Abnormal Pattern Recognition in Spatial Data
In the recent years, abnormal spatial pattern recognition has received a great deal of attention from both industry and academia, and has become an important branch of data mining. Abnormal spatial patterns, or spatial outliers, are those observations whose characteristics are markedly different from their spatial neighbors. The identification of spatial outliers can be used to reveal hidden but valuable knowledge in many applications. For example, it can help locate extreme meteorological events such as tornadoes and hurricanes, identify aberrant genes or tumor cells, discover highway traffic congestion points, pinpoint military targets in satellite images, determine possible locations of oil reservoirs, and detect water pollution incidents.

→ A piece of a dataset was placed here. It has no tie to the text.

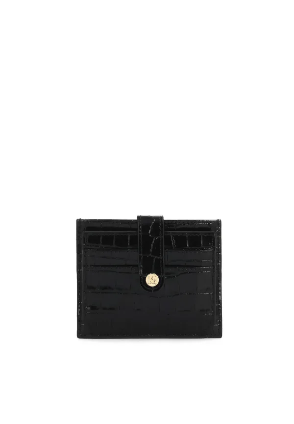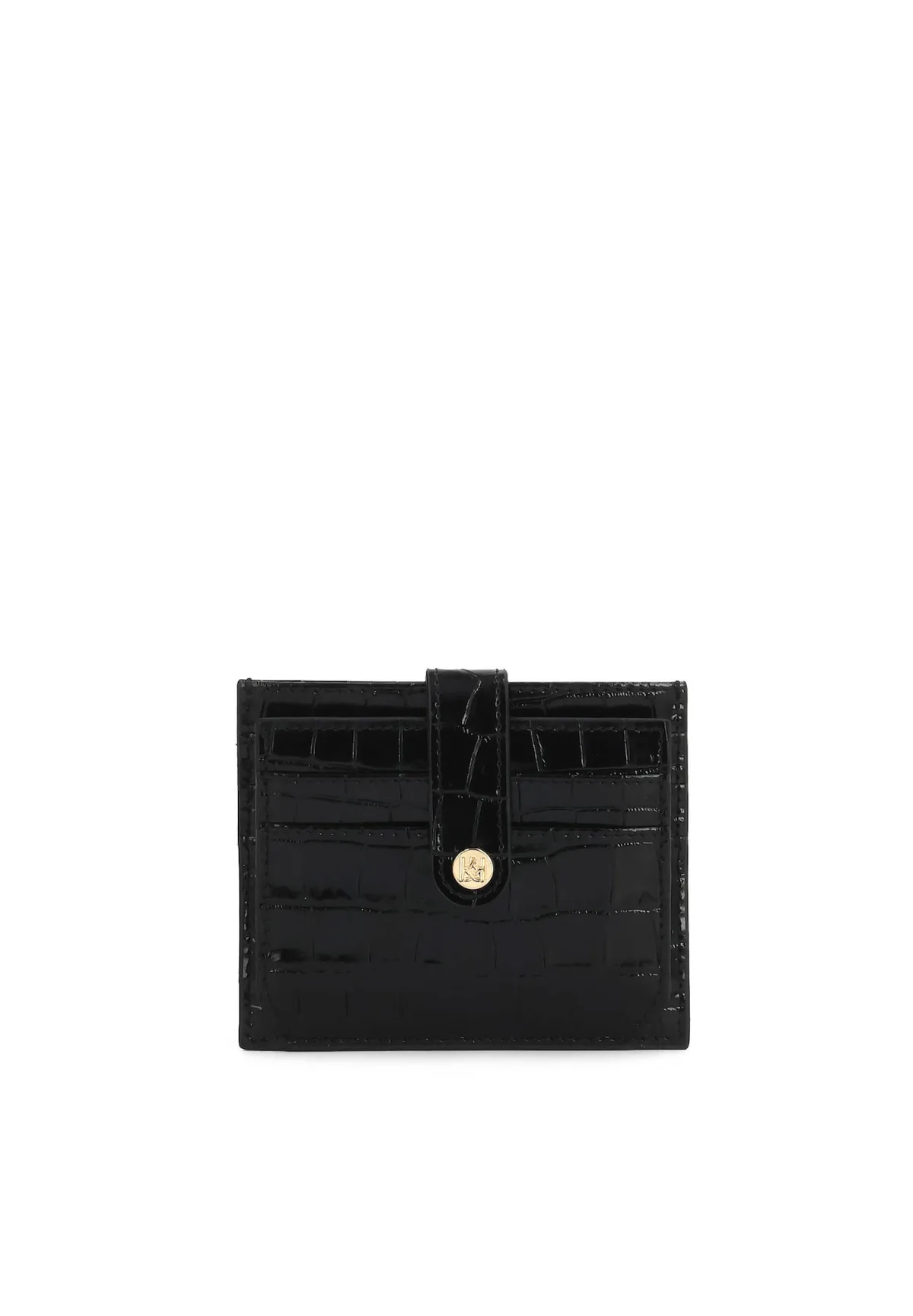 Design: Kaartvakjes, Schijnvak; Type sluiting: Drukknoop; Motief: Effen; Materiaal: Glad leer; Extra's: Label preegdruk

Numerous traditional outlier detection methods have been developed, but they cannot be directly applied to spatial data in order to extract abnormal patterns. Traditional outlier detection mainly focuses on "global comparison" and identifies deviations from the remainder of the entire data set. In contrast, spatial outlier detection concentrates on discovering neighborhood instabilities that break the spatial continuity. In recent years, a number of techniques have been proposed for spatial outlier detection. However, they have the following limitations. First, most of them focus primarily on single-attribute outlier detection. Second, they may not accurately locate outliers when multiple outliers exist in a cluster and correlate with each other. Third, the existing algorithms tend to abstract spatial objects as isolated points and do not consider their geometrical and topological properties, which may lead to inexact results.
This dissertation reports a study of the problem of abnormal spatial pattern recognition, and proposes a suite of novel algorithms. Contributions include: (1) formal definitions of various spatial outliers, including single-attribute outliers, multi-attribute outliers, and region outliers; (2) a set of algorithms for the accurate detection of single-attribute spatial outliers; (3) a systematic approach to identifying and tracking region outliers in continuous meteorological data sequences; (4) a novel Mahalanobis-distance-based algorithm to detect outliers with multiple attributes; (5) a set of graph-based algorithms to identify point outliers and region outliers; and (6) extensive analysis of experiments on several spatial data sets (e.g., West Nile virus data and NOAA meteorological data) to evaluate the effectiveness and efficiency of the proposed algorithms.